Healthcare Technology Featured Article

May 31, 2012

Saving Africa from AIDS, IT Centre Compiles Data to Track Success of Therapies, Halt Epidemic


Something truly wonderful is going on in Africa. If a researcher on a unique project is successful, it’s possible that people there, and other places, will stop dying of AIDS, and even becoming infected.

Senior Database Scientist Colin Newell is studying an HIV epidemic in a desperate region of South Africa – where one-fifth of the general population and more than half the young adults are infected – using document imaging technology to build a new database that could help people suffering from HIV/AIDS around the world.

"HIV is a global problem and we are just one research center in a worldwide effort to learn more about the disease. But HIV infections rates here are higher than anywhere else. It's possible that what we learn here about the transmission of the disease here may help slow the spread of the disease elsewhere in the world."

When you’re working to halt a health crisis, trusting your data is vital and in a part of the world where that’s about as easy to find as a penny at Times Square, Newell and his colleagues at the Africa Centre for Health and Population Studies in KwaZulu Natal, have spent over a decade doing detailed field research and painting what may be the pandemic’s most deeply detailed portrait.

According to avert.org, as of 2010, there were 22.9 million people living with HIV in Sub-Saharan Africa, increasing from an estimated 22.5 million people, including 2.3million children, a year earlier. The organization reports that the increase in people living with HIV could be partly due to a decrease in AIDS-related deaths in the region. There were 1.2 million deaths due to AIDS in 2010 compared to 1.3 million in 2009.  Almost 90 percent of the 16.6 million children orphaned by AIDS live in sub-Saharan Africa, according to Avert.

During the time the Centre staff has been working in Africa, they have painstakingly transcribed millions of pages of field surveys into a computer file with the hardcopies, then the pages and pages stored in a warehouse a few hour’s drive—or a day’s walk—from their offices, according to company spokesmen.

Whenever data errors or discrepancies arose in the computer file, those same staff were sent back in time to the paper world, those warehouses full of filing cabinet upon filing cabinet, to search for the originals.

“When you’re gathering data in communities where running water is a luxury, unemployment is 75 percent and 40 percent of households cook with wood, errors are a daily fact of life,” according to a company spokesman.

“You have to understand that in South Africa we’re in a time-rich, cash-poor society, and very often it’s much more economic to employ more people rather than employ a high tech solution,” says Newell in an interview. “We’re about 10K from the next Internet user. If anything goes wrong, spare parts and tech guides coming to fix things is a very difficult job, so for many things we tend to go toward the low-tech solution, at the expense of making more mistakes.”

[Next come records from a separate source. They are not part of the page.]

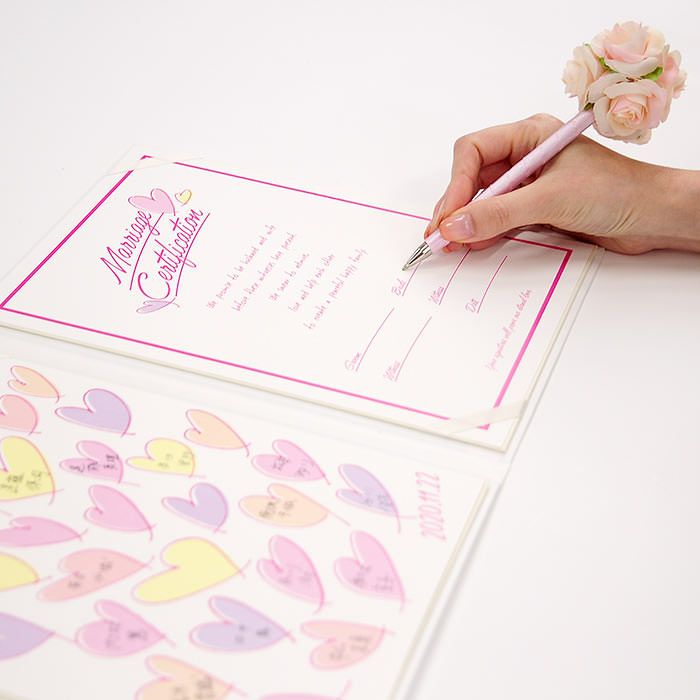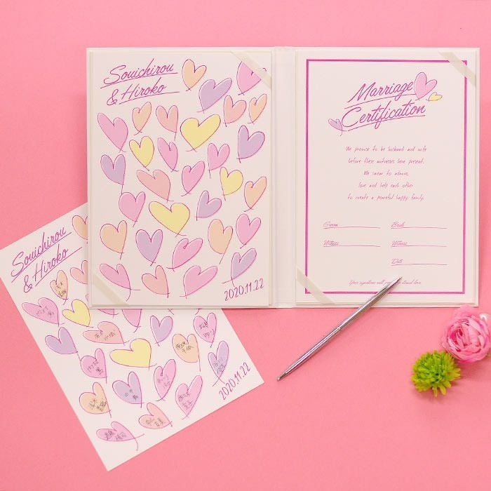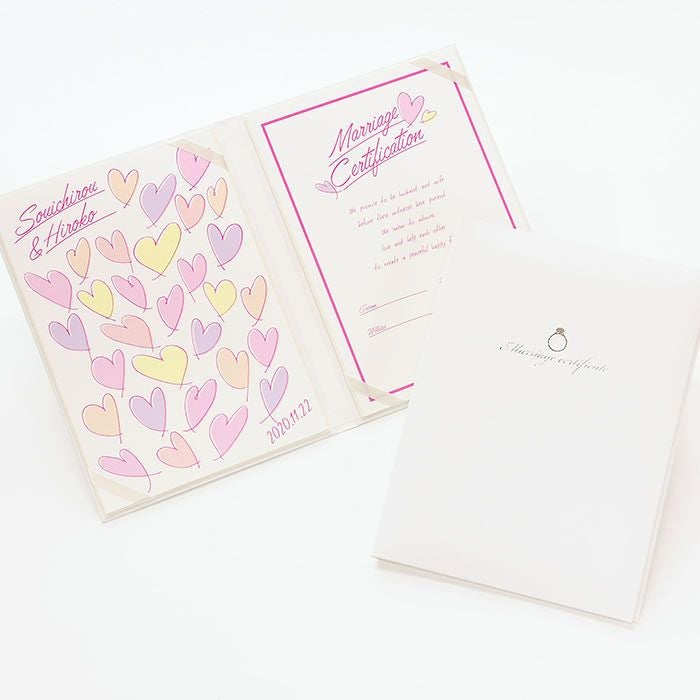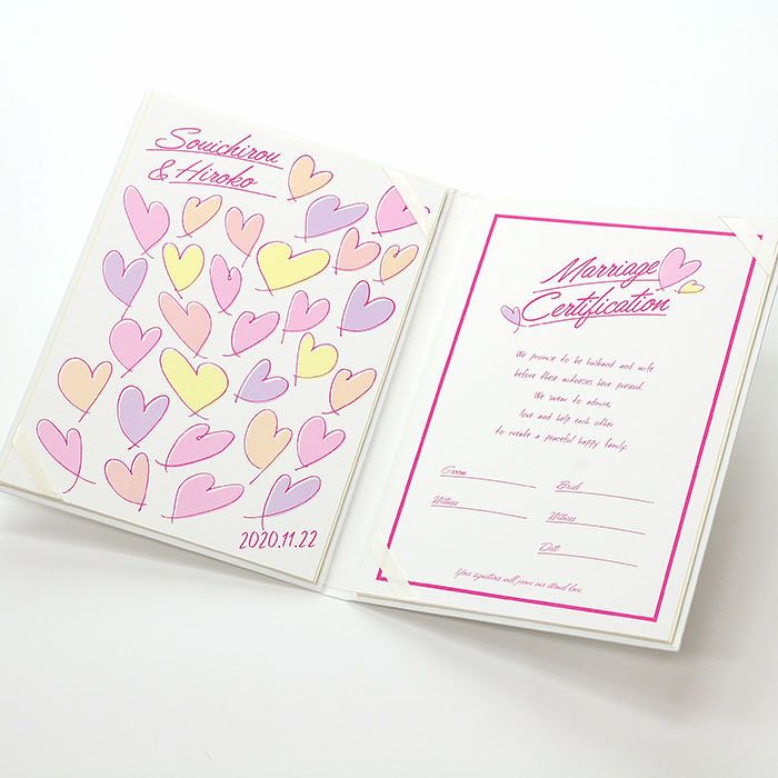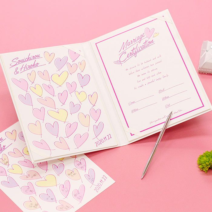 画像拡大 結婚証明書ゲスト参加型「ラッシュハート ピンク」 (0) 商品番号 MC-rushheartpink 販売価格 ¥ 9,130 税込 [ 83 ポイント進呈 ] 出荷の目安 通常 出荷予定 特急対応(有料) 出荷予定 +地域別の到着目安はこちら +商品制作にデータのご提出が必要な商品ですご注文からお届けまでの流れ 送料 商品合計 ¥15,000円以上送料無料(北海道、沖縄、一部地域除く) +地域別の送料はこちら 項目を指定してカートに入れる 商品についてのお問い合わせ 文章(宣言)(必須) 選択してください A B C D(通信欄に入力ください) 特急オプション(必須) 選択してください 希望しない→納期5営業日 希望する→納期3営業日(+¥2,200 税込) 新郎様のお名前(例 Tetsuya)(必須) ※ : / ~ などの半角記号は使用不可 新婦様のお名前(例 Kyoko)(必須) ※ : / ~ などの半角記号は使用不可 挙式日(例 20XX.11.22)(必須) ※ : / ~ などの半角記号は使用不可 お気に入り登録 1 2 3 4 5 6 7 8 9 10+ カートに入れる 閉じる × これと似た商品を見る 結婚証明書ゲスト参加型 ラッシュハート ピンク ゲストにも参加いただく結婚の承認サイン。 人前式のお二人にピッタリの演出アイテムです。 結婚の宣言もお二人の言葉で入れれば 他にない、お二人だけのオリジナル結婚証明書になります。 右面:メッセージの文章タイプ(定型文またはオリジナル文) A We promise to be husband and wife before these witnesses here present. We swear to admire, love and help each other and to create a peaceful happy family. B 私たちは 今日ここにお集まりくださった 皆様の前で 生涯かわることなく お互いをいたわり合い 助け合い 楽しいことも 苦しいことも 二人で分かち合って 平和で幸せに満ちた 明るい家庭を築くことを誓います C 本日私たち二人は ご列席いただきました皆様を証人とし 夫婦としての約束を交わします 1.お互いを想いやる気持ちを決して忘れません 2.お互いの家族も大切にします 3.幸せや喜びを共に分かち合い 悲しみや苦しみは共に乗り越え 笑顔の絶えない家庭を築きます 今日の誓いを心に刻み お互いを永遠に愛することを誓います Dオリジナル オリジナル文章(200文字以内)※注文書の通信欄またはメールにご記入下さい ※オリジナル文章の句読点はデザインによりスペース等にさせていただく場合もございます ◆式に間に合わない! そんな方はこちら 結婚式に間に合わない…そんな方もご安心ください。ご注文時に特急オプション「希望する」をお選びの上、ご注文いただくとスピード対応いたします。※別途特急オプション料金が加算されます。 お届けの内容 結婚証明書…ホワイト1冊 証明シート(本人記帳用)…1枚 証明シート(ゲスト記帳用)…2枚 サイズ カバーサイズ197mm×266mm シートサイズ182mm×257mm 納期 5営業日(土日祝のぞく) 特急オプション「希望する」の場合は3営業日(土日祝のぞく) ※ただし、お支払いが銀行振込の場合はご入金確認後の手配となります お支払い方法 名入れ商品につき「代金引換」はお選びいただけません 関連商品の ご案内 写真追加プション お好きな写真を 1点追加できます ゲスト参加型婚証明書専用 ゲスト署名欄 追加オプション レビューを書く
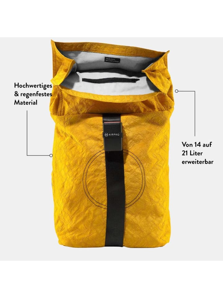 Основное отделение застегивается на прочную пряжку, которая не только круто выглядит, но и особенно проста в использовании. Благодаря практичной застежке-рулону его объем можно увеличить с 14 до 21 литра при необходимости. Это делает рюкзак гибким спутником для повседневной жизни или путешествий. Мягкое отделение для ноутбука безопасно хранит 15-дюймовые устройства. Кроме того, продуманная конструкция внутренних отделений и боковой карман обеспечивают дополнительную организацию. Если вам нужно быстро что-то достать, содержимое можно легко найти через отверстие для быстрого доступа спереди. Удобная мягкая задняя панель и мягкие плечевые ремни обеспечивают комфортную переноску в дороге. Кроме того, благодаря практичному багажному ремню рюкзак легко надевается на телескопическую ручку чемодана, что делает поездку комфортной. Внутренняя часть Airpaq Rolltop изготовлена из неокрашенного материала, используемого для подушек безопасности, с высоким содержанием переработанных материалов и, следовательно, особенно экологична. Компания также награждает рюкзак призом.
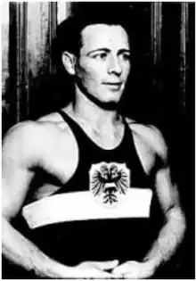 In the event for which he was likely best known, Fein competed in weightlifting at the 1936 Summer Olympics in Berlin, Germany.[4] He won the gold medal in the lightweight class with a world record lift of 342.5 kilograms (755 pounds), with splits of 105+100+137.5, sharing the win with Anwar Mesbah, with whom his match had ended in a tie. Sixteen weightlifters from twelve nations competed. Fein became one of only thirteen Jewish Olympians to medal in the games which were held during Adolph Hitler's Nazi government, and following the imposition of the anti-Semitic Nuremberg laws. The Nuremberg Laws, passed in the fall of 1935, stripped German Jews of citizenship, opportunities to receive a public education, and access to many professions and public facilities. Jewish businesses had been boycotted and Jews could not serve in the legal profession, the civil service, teach in secondary schools or universities or vote or hold public office.[5][6][2] [7][8]
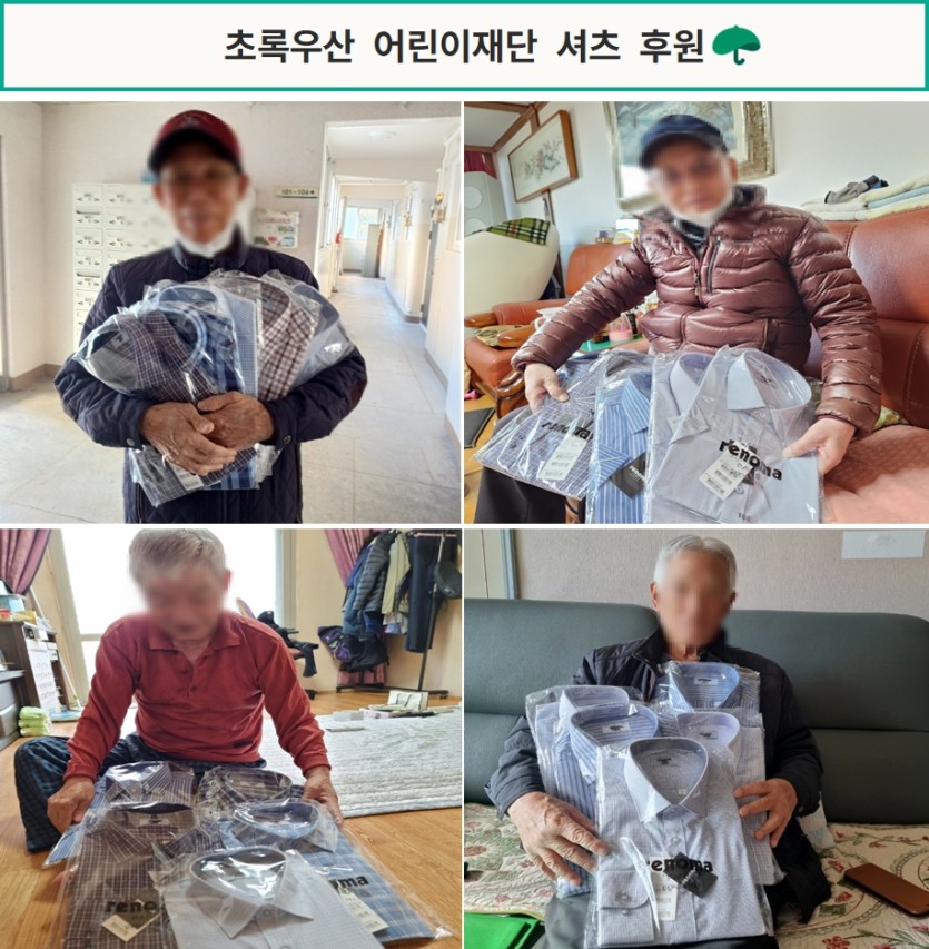 초록우산 어린이재단에서 어르신들을 위해 셔츠를 후원해 주셨습니다.
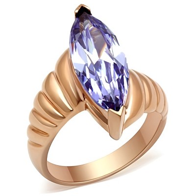 Slickblue Rose Gold Brass Ring with Light Amethyst CZ, IP Plating - Beautiful Solitaire Marquise Ring, Size 5-10
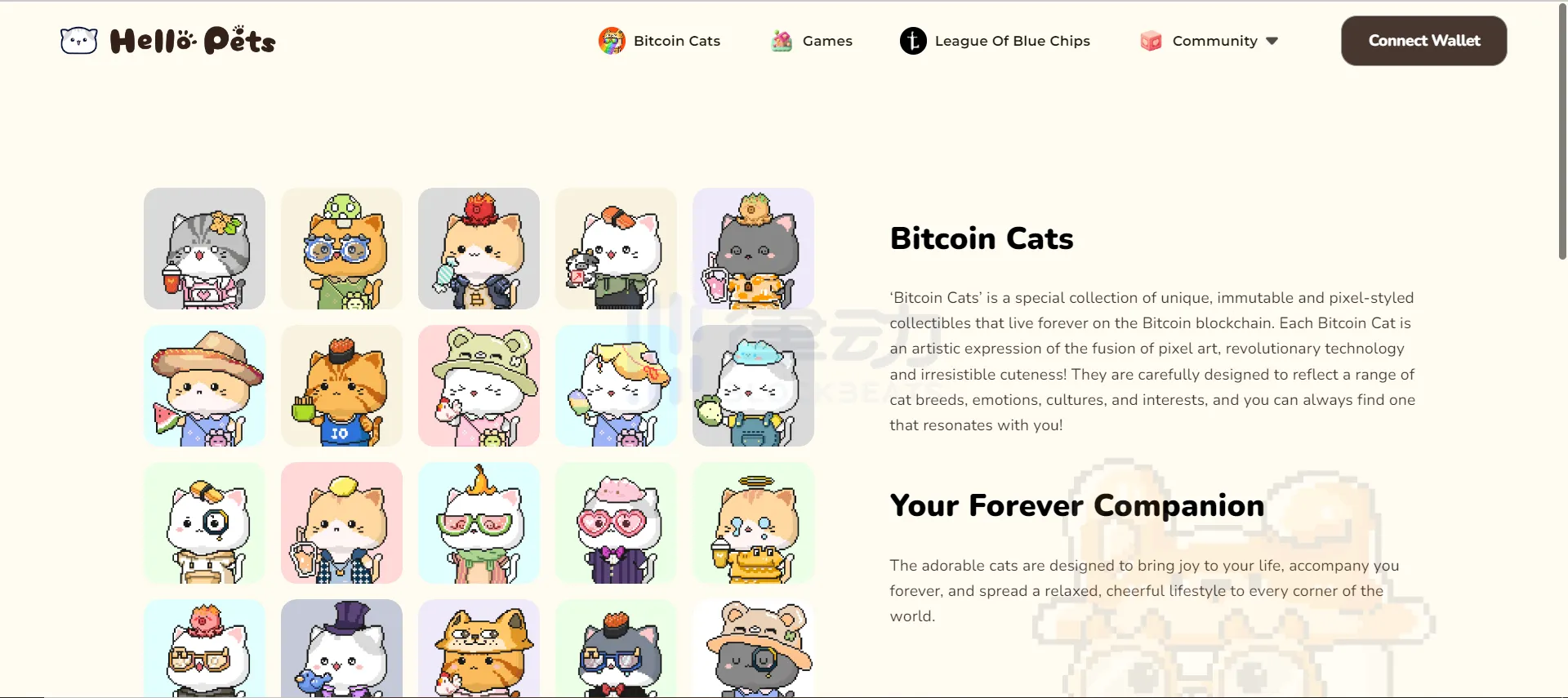 目前,BitcoinCats 并没有回应与 Hello Pets 的关系,但在 Hello Pets 官网列出了名为「Bitcoin Cats」的 NFT 系列介绍,并提供了 BitcoinCats 的主页导航。而据 了解,Hello Pets 的前身是 Battle Pets,是一款类似于 Axie Infinity、模仿 CryptoKitties 的战斗类宠物养成游戏。Battle Pets 在今年 1 月改名为 Hello Pets,并将定位转换为「数字世界和现实世界中全球知名的可爱品牌。」

Until recently, the Centre’s technology was limited to the one computer file used to catalogue an endless stream of documents coming in from field researchers. But imagine what happens, an all too real possibility, when the computer malfunctions. The Centre IT’s staff came up with a solution: using a software product called Laserfiche that can store unlimited numbers of document images and retrieve any one instantly through a 13-digit survey subject identification connected to a barcode on each of the surveys.

Eighteen months later, half of the 15 million survey forms have been scanned into images stored in a new database connected via the bar code information to the old database.

Africa Centre may even be helping to set a trend not just for this beleaguered part of the world but for its many peer organizations, according to Christian Kyony, head of IT at the Centre. There are 45 similar outposts across the world, he says, generating 10 to 20 million pages of field surveys annually, according to the press release.

“Those organizations all have the same challenge,” says Kyony in an interview. “How to keep information archived in the source document and how to easily access the information in the source document. Our office is the first office to employ this technology.”

Sheldon Halgreen of Nashua, SA, which sold and installed Laserfiche at Africa Centre, is talking to medical researchers elsewhere in Africa about using electronic forms on computer tablets to monitor patient health in field research.

“Africa Centre is seeing great results from the software, and we’re happy about that,” Halgreen says. “But this whole effort could be greatly streamlined on a global scale with the full power of what this technology can do. Not only can this software improve the quality of health care in those locations, but it could save a great deal of money.”

"The end goal is not just research but also tracking the success of ATR therapies now being administered to thousands of people in all sorts of living conditions,” says Newell. “Armed with that information, we can better contain the spread of this disease under all conditions. As a center, we’re quite proud of what we do and we've managed to keep quite a number of people alive who otherwise might have been dead."